== Work to be completed ==
Exactly reproduce the lines from the line bearing "- 특징: 애브비는 분사" through the end of the listing, inclusive of both; pictures are to be omitted.

::: Data extract

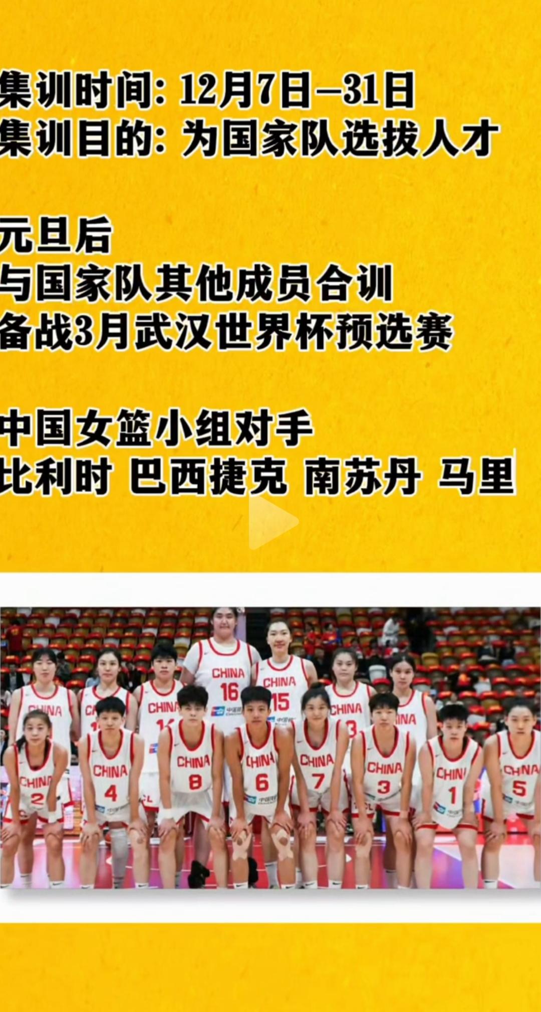 网传消息, 宫指导的国家女篮今年再特训, 以备战2026年3月份的世预赛, 名单
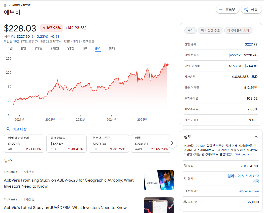 - 특징: 애브비는 분사 이후 매년 배당금을 인상해 온 '배당 왕족(Dividend Aristocrat)' 주식입니다.
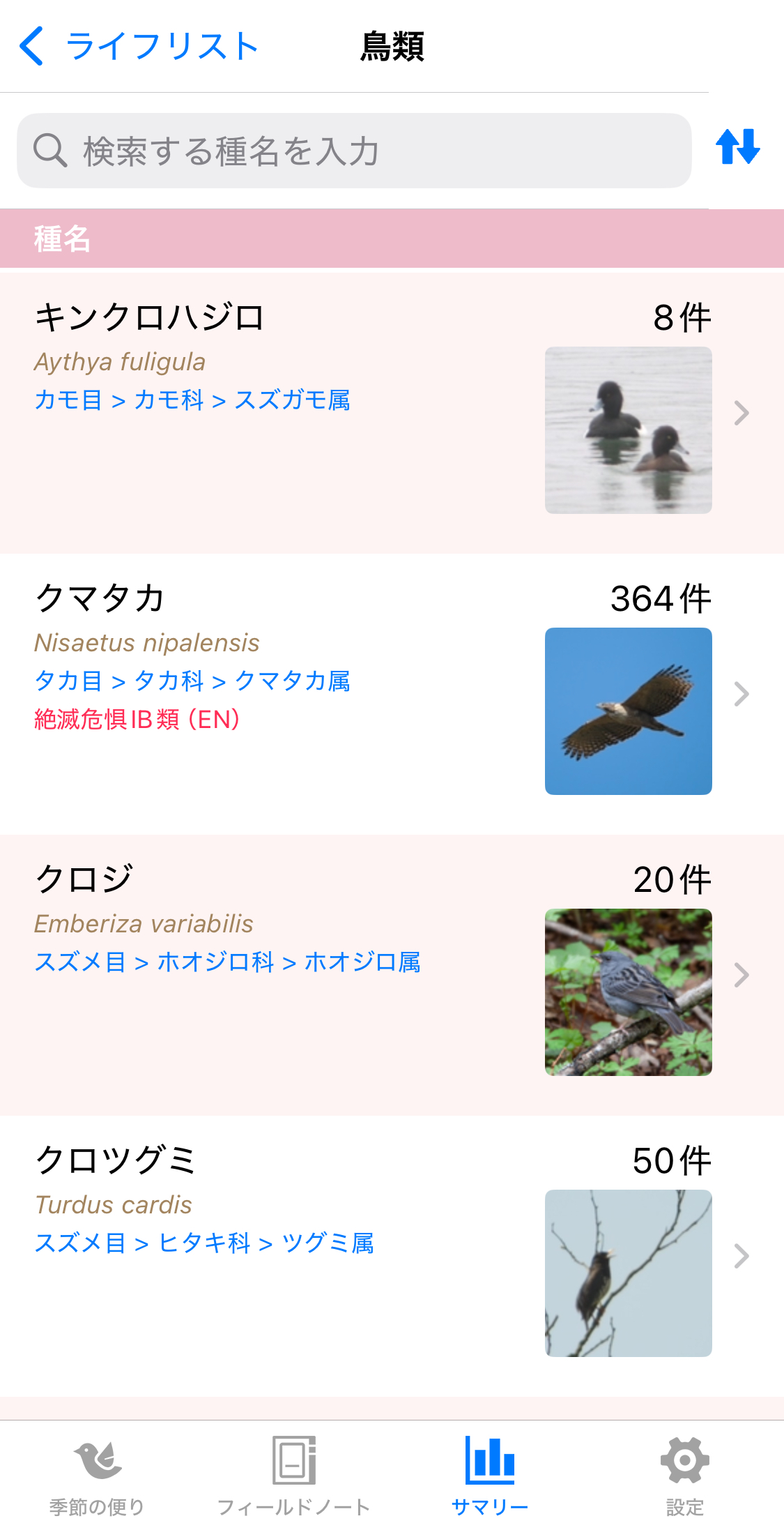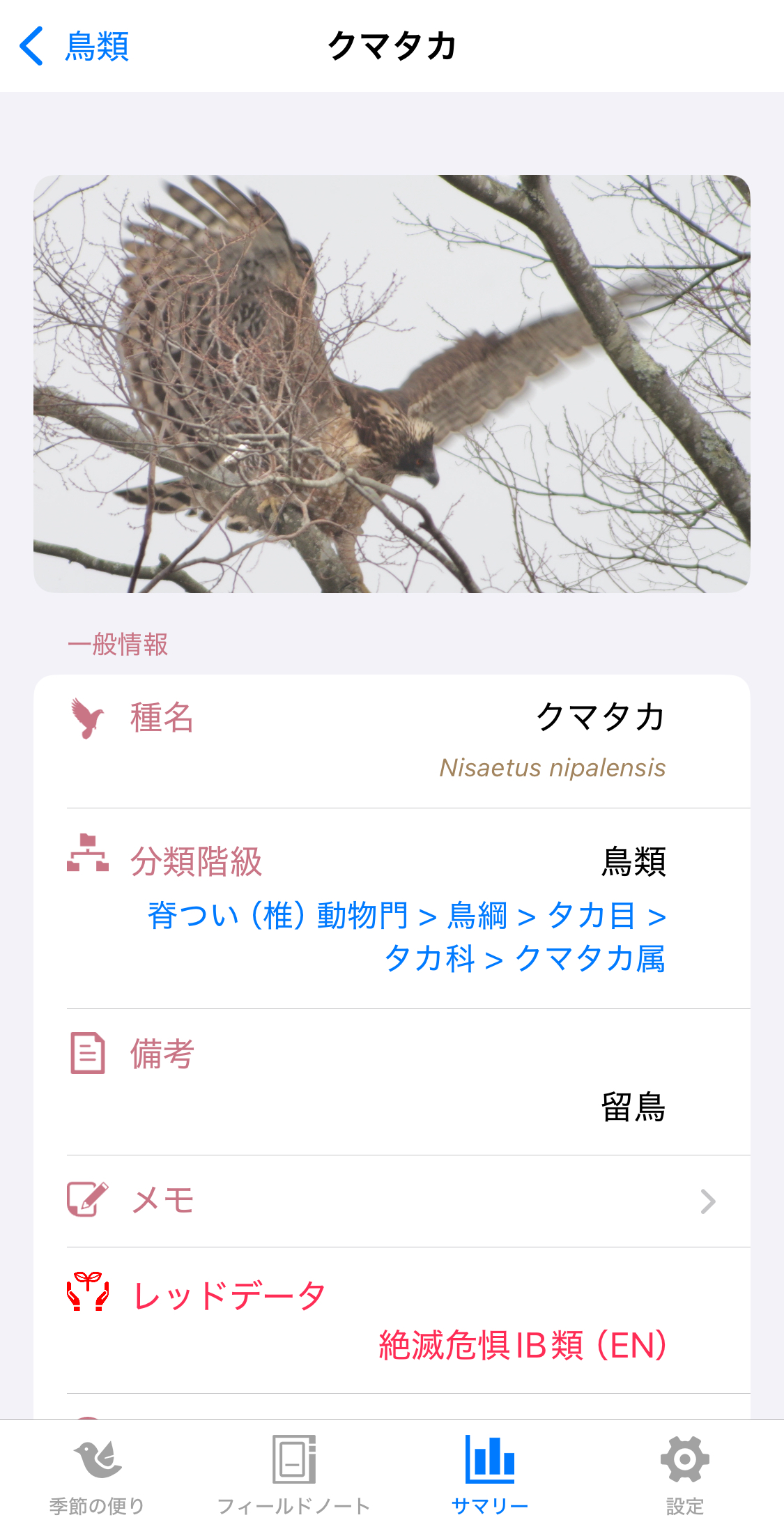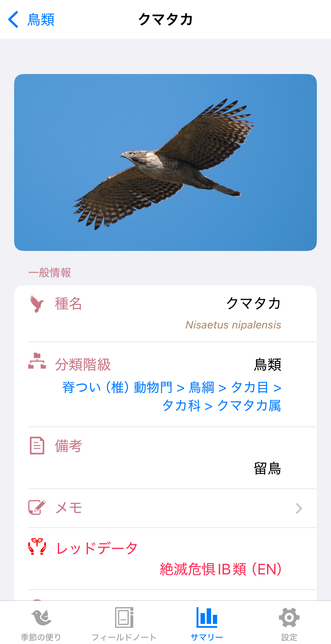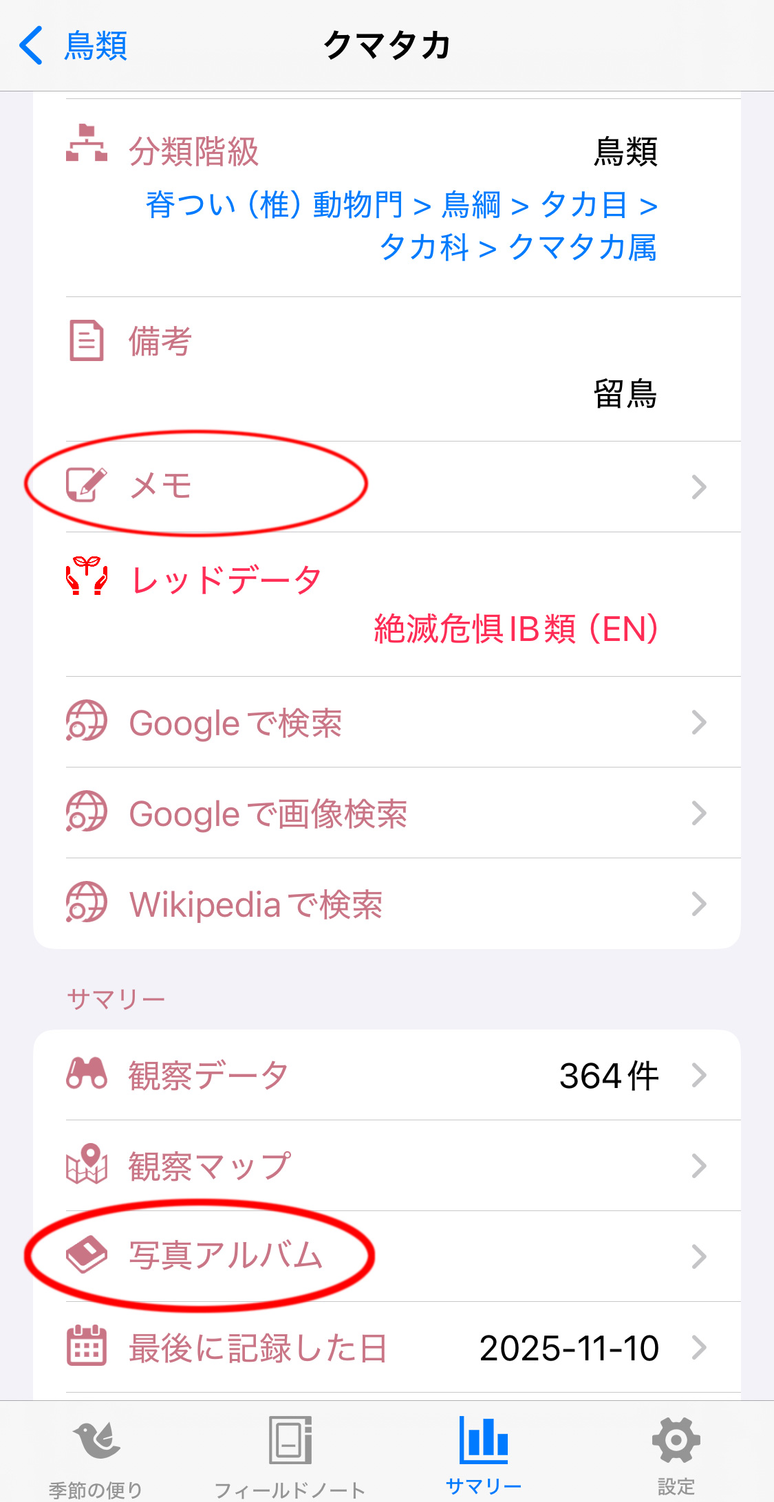 従来ライフリストの代表写真は最後に登録された写真メモが表示されていましたが、代表写真を写真アルバムから任意の写真に設定可能となりました。また、同詳細画面にフィールドノートとは別に独自のメモを追加可能としています。
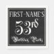 This fancy and luxurious birthday themed paper napkin design features a custom name and the message “53rd Birthday Party”. The large number “53rd” and the words “Birthday Party” are in elaborate script-style text, and the background is coloured black by default (although it can be customised). Ornate, opulent paper napkins like this might be useful at a birthday party being held to celebrate somebody’s fifty third birthday. [~Z0000563]

::::::

== Solution for this problem ==
 - 특징: 애브비는 분사 이후 매년 배당금을 인상해 온 '배당 왕족(Dividend Aristocrat)' 주식입니다.
 従来ライフリストの代表写真は最後に登録された写真メモが表示されていましたが、代表写真を写真アルバムから任意の写真に設定可能となりました。また、同詳細画面にフィールドノートとは別に独自のメモを追加可能としています。
 This fancy and luxurious birthday themed paper napkin design features a custom name and the message “53rd Birthday Party”. The large number “53rd” and the words “Birthday Party” are in elaborate script-style text, and the background is coloured black by default (although it can be customised). Ornate, opulent paper napkins like this might be useful at a birthday party being held to celebrate somebody’s fifty third birthday. [~Z0000563]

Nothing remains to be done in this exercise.